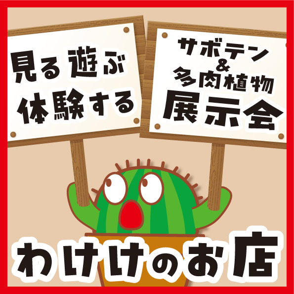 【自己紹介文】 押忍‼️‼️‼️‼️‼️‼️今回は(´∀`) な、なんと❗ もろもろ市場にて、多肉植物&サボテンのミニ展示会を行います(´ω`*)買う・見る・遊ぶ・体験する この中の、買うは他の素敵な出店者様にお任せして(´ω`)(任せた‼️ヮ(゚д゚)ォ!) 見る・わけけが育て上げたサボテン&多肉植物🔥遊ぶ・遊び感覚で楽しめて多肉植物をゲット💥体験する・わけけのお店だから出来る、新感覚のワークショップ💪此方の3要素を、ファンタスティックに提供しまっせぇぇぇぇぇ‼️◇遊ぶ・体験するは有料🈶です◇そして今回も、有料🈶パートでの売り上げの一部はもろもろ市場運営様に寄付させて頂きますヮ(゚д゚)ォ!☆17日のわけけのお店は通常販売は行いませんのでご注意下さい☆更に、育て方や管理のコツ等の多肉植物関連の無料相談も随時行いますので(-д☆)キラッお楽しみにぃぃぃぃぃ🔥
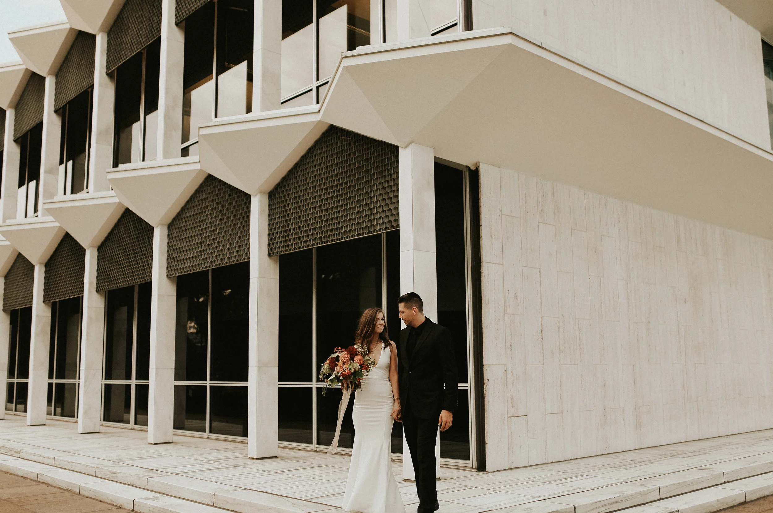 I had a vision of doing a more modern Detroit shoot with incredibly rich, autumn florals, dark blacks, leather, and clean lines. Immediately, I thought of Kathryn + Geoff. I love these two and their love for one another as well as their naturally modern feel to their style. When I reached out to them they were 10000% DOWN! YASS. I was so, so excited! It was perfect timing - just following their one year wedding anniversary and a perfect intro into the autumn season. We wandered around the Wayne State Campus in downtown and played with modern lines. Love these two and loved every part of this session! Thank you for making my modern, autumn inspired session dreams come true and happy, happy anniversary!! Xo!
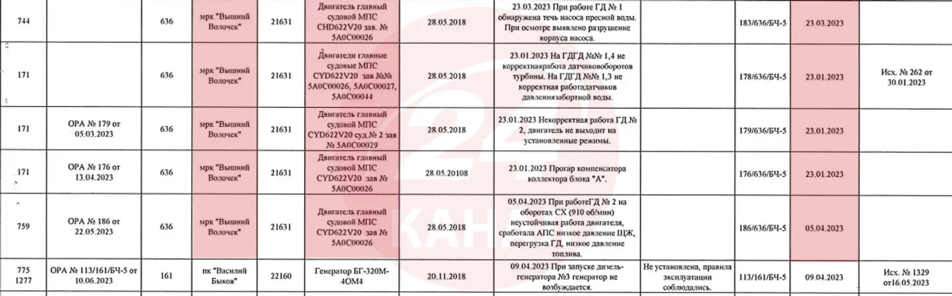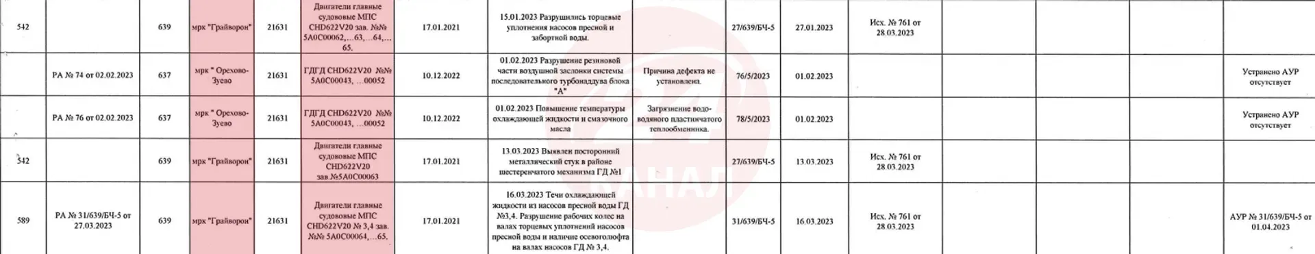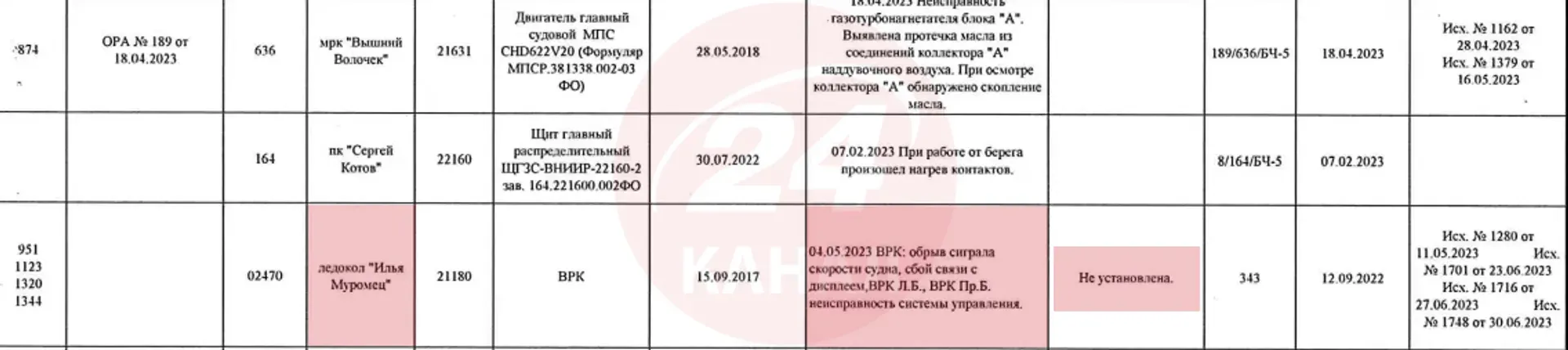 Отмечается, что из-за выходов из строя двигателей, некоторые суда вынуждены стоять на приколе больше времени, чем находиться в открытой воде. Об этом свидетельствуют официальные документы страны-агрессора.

### Prompt
Transcribe every line of the listing above exactly; skip the pictures.

### Result
 【自己紹介文】 押忍‼️‼️‼️‼️‼️‼️今回は(´∀`) な、なんと❗ もろもろ市場にて、多肉植物&サボテンのミニ展示会を行います(´ω`*)買う・見る・遊ぶ・体験する この中の、買うは他の素敵な出店者様にお任せして(´ω`)(任せた‼️ヮ(゚д゚)ォ!) 見る・わけけが育て上げたサボテン&多肉植物🔥遊ぶ・遊び感覚で楽しめて多肉植物をゲット💥体験する・わけけのお店だから出来る、新感覚のワークショップ💪此方の3要素を、ファンタスティックに提供しまっせぇぇぇぇぇ‼️◇遊ぶ・体験するは有料🈶です◇そして今回も、有料🈶パートでの売り上げの一部はもろもろ市場運営様に寄付させて頂きますヮ(゚д゚)ォ!☆17日のわけけのお店は通常販売は行いませんのでご注意下さい☆更に、育て方や管理のコツ等の多肉植物関連の無料相談も随時行いますので(-д☆)キラッお楽しみにぃぃぃぃぃ🔥
 I had a vision of doing a more modern Detroit shoot with incredibly rich, autumn florals, dark blacks, leather, and clean lines. Immediately, I thought of Kathryn + Geoff. I love these two and their love for one another as well as their naturally modern feel to their style. When I reached out to them they were 10000% DOWN! YASS. I was so, so excited! It was perfect timing - just following their one year wedding anniversary and a perfect intro into the autumn season. We wandered around the Wayne State Campus in downtown and played with modern lines. Love these two and loved every part of this session! Thank you for making my modern, autumn inspired session dreams come true and happy, happy anniversary!! Xo!
 Отмечается, что из-за выходов из строя двигателей, некоторые суда вынуждены стоять на приколе больше времени, чем находиться в открытой воде. Об этом свидетельствуют официальные документы страны-агрессора.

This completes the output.